Cyborg cockroaches: they’re alive!

Photo by Backyard Brains

Have you ever wanted to control a cockroach with a smartphone? Well Dr. Frankenstein, fret not, because in a month, your really specific and kind of creepy wish could be granted. A company called Backyard Brains is releasing the first commercially available cockroach cyborg in the form of some microelectronics that the user would attach to the back of a cockroach.

The whole thing costs about 99 dollars, and comes with the electronics, a cockroach and surgical equipment to fuse the two together. Although the Roboroach sounds like it should be destroying a major metropolis in a B-movie, the creators hope to make it a teaching tool, planning for children as young as 10 to use it. According to Science Magazine, the process of converting cockroach to machine-cockroach is involved.

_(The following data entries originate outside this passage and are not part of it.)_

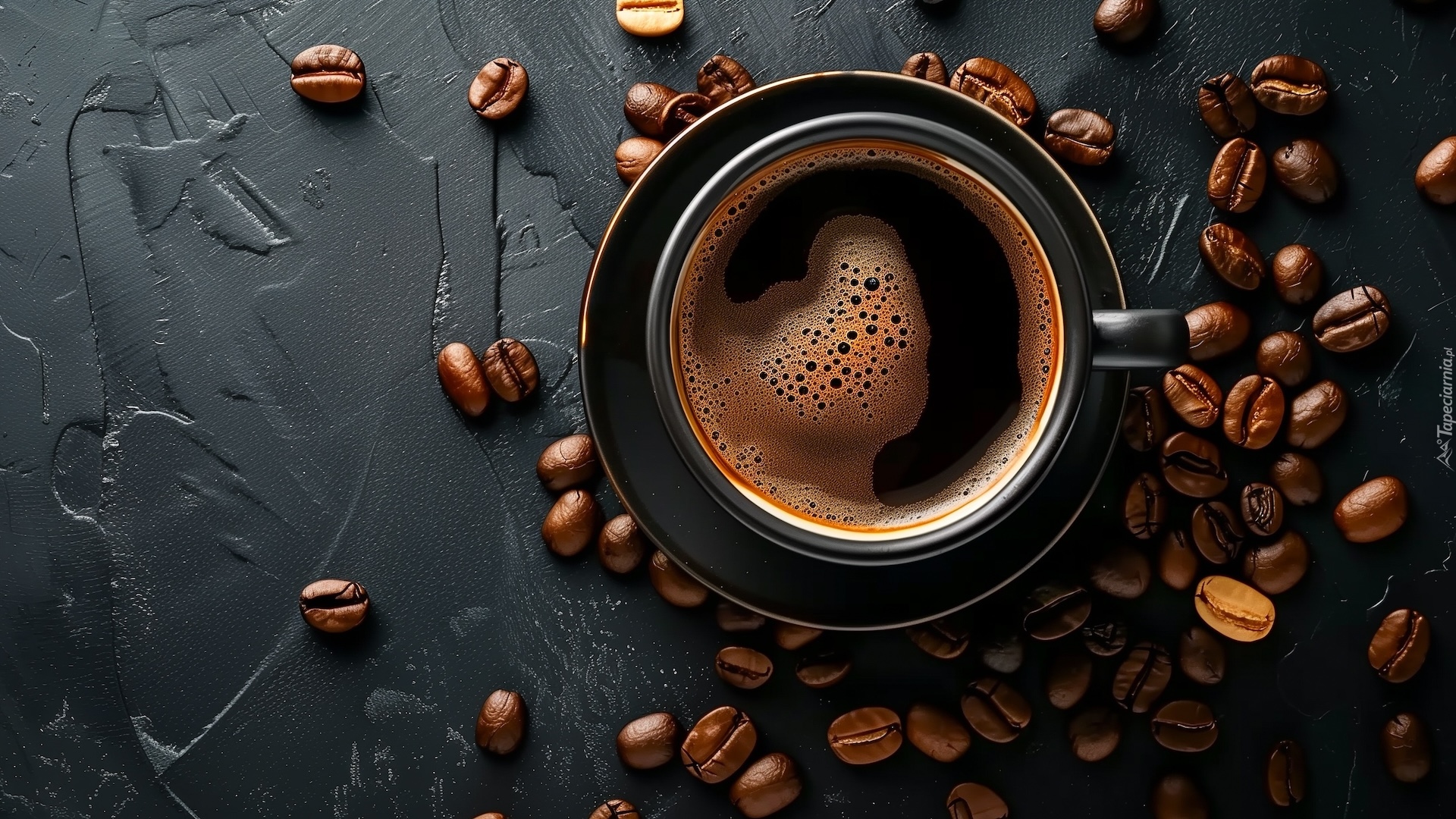 Edytor tapety: Filiżanka z kawą i ziarna obok w grafice
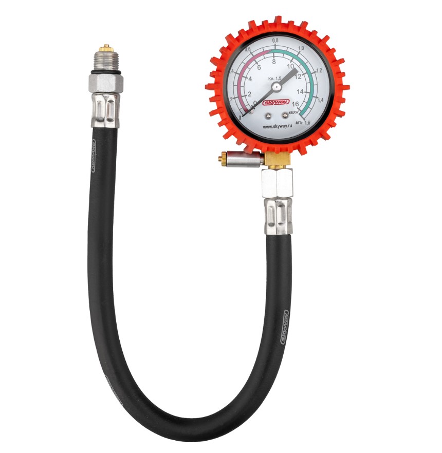 Компрессометр бензиновый гибкий SKYWAY (со шлангом) в защитном чехле - гибкий бензиновый компрессометр измеряет компрессию в цилиндрах бензиновых двигателей. Диагностирует герметичность камеры сгорания, вкручиваясь в свечное отверстие для точного измерения. Проводит проверку компрессии в труднодоступных местах. Выявляет неисправности цилиндропоршневой группы, оценивая состояние поршневых колец, зазоров и клапанов.
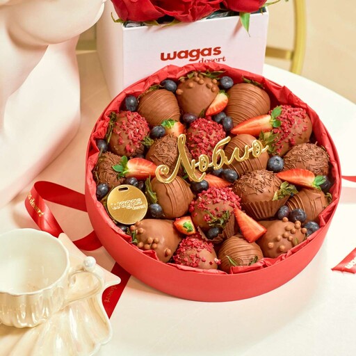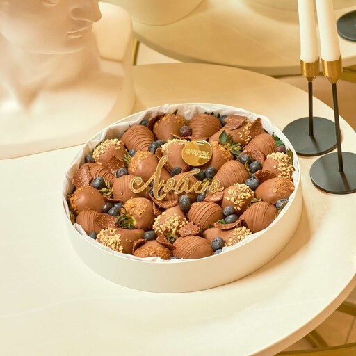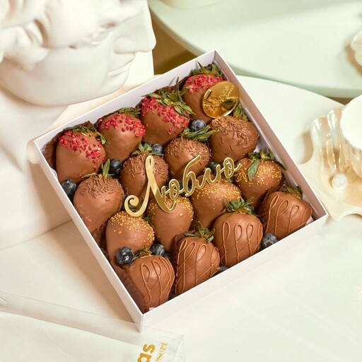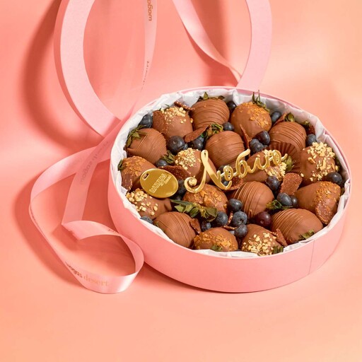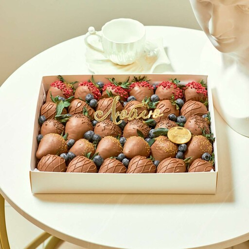 Состав: Клубника свежая 23-25 клубник; Шоколад молочный; Шоколадная посыпка; Сублимированная малина; Нарезка клубники; Голубика.

“Students are instructed to douse the insect in ice water to “anesthetize” it, sand a patch of shell on its head so that the superglue and electrodes will stick, and then insert a groundwire into the insect’s thorax. Next, they must carefully trim the insect’s antennae, and insert silver electrodes into them. Ultimately, these wires receive electrical impulses from a circuit affixed to the insect’s back.”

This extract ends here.